I ran World of Warcraft through Linux MINT 13 using WINE 1.4 and got it to run, but my frame rates were down in the dirt with 9 to 15 frames per second as well as shader bugs and texture layers in the game would appear/disappear so changing camera angle for example while standing in the auction house in Stormwind a city on the game would cause everyone to lose their skin and be a black void with hair and clothing on. The funny thing though is that Night Elves with the glowing EYES showed as black voids with glowing eyes. This same computer that I tested for gaming with Linux, I had another hard drive already set up for it running Windows XP. For comparison purposes, I booted Windows XP SP3 and launched World of Warcraft and had good 40 to 60 frames per second because I had DirectX to use the full potential of the video card, as well as no bugs.

Until someone makes an open source DirectX module/addon for Linux, its crippled for 99% of the games that are out there 

If I were you, I'd give it a try, build up a system that has plenty of hardware resources to play the game if it were Windows, and instead install your choice of Distro, and then install Wine, and then try the game on Linux and report back with your findings. You may want to dual-boot to be able to test same as I did between Windows and Linux for the same game. When doing this you would want to install Windows to a fraction of the hard drives size such as you have a 160GB HDD and you allocate 80GB to Windows NTFS partition and then leave the other 80GB free and unpartitioned. Then install Linux and choice to install Linux to this free non partitioned 80GB space and have it use a bootloader like grub etc to give choice on boot for Windows or Whatever distro of Linux you install.

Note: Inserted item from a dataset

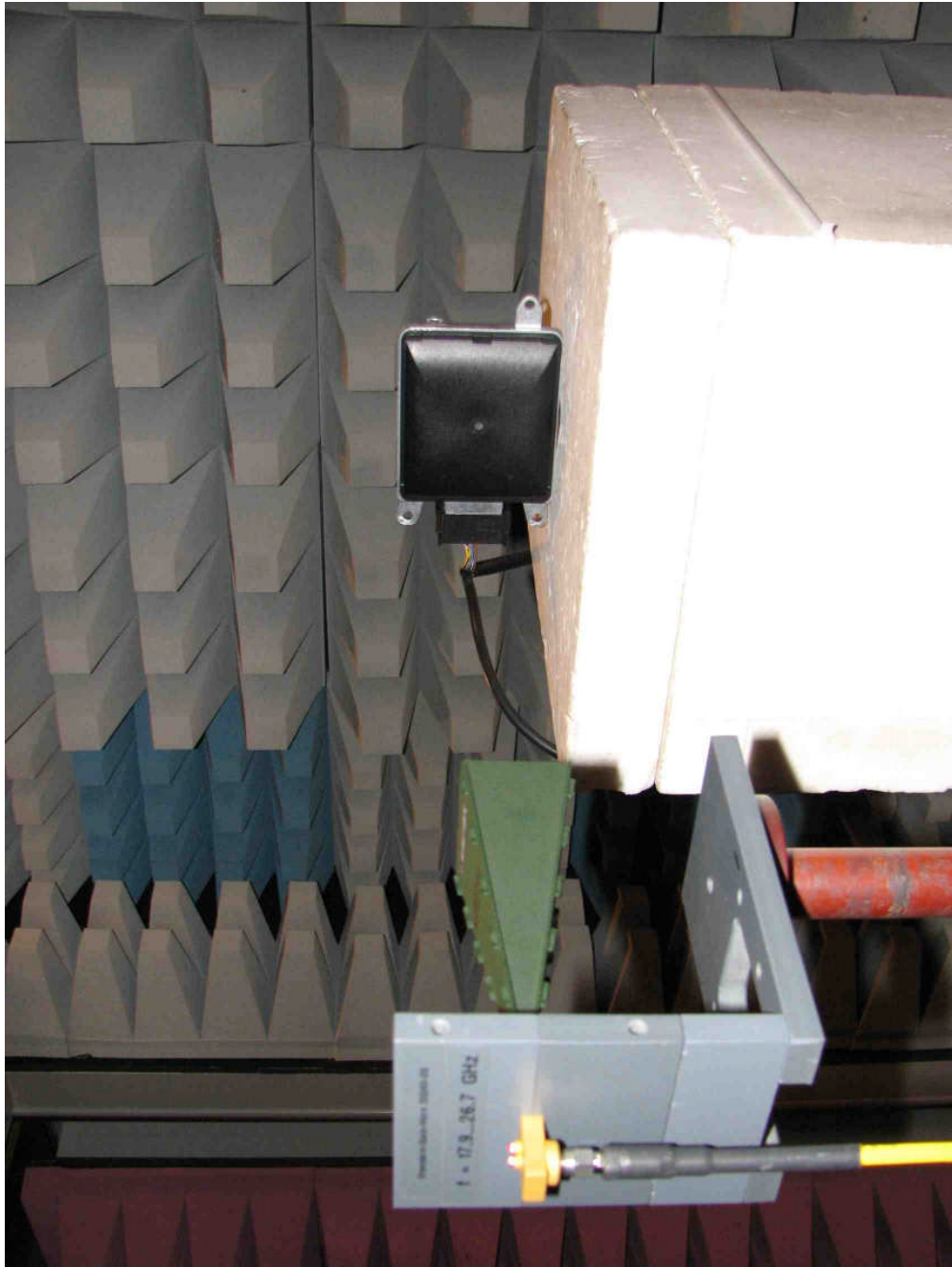
72572emi10.JPG: Test set-up radiated E-Field

Annex A of Test Report R72572_VW_FCC EUT: LCDAS Lane Change Decision Aid System Manufacturer: Hella KGaA Hueck & Co.

*One thing that I did have to do for World of Warcraft that you would also likely have to do with CS:GO is copy the entire contents of the game to an external hard drive, and then import it to the Linux systems partition, then set up the EXE that is associated with the game to WINE so that it runs the game within WINE emu environment. I have yet to find sold in store CD/DVD games that will allow for you to install them to Linux the same as you would a windows computer. And if the games have registry entries the games will likely be broken as well on the linux side. World of Warcraft does not have any Windows Registry HOOKS to it like many other games that like to anchor to it with antipiracy features etc. With WoW the antipiracy feature is as simple as... you dont pay us your monthly membership ..... we dont allow for your credentials to play the game! STAND alone games are more prone to registry hooks to anchor that game to that system so that one friend cant copy the folder contents to another friends computer and run it etc.Did some research and it seems as though some people got it to play through WINE, but not sure of how well. The good thing is that the Steam Client is working to port games for Linux, so maybe they will port this one. Although if ported not sure if there would be a performance hit since there is no DirectX.I am GOING install Fedora and SEE how it works. Playing cs was one main reason why I didn't full set my HDD to Linux and fully uninstall windoze.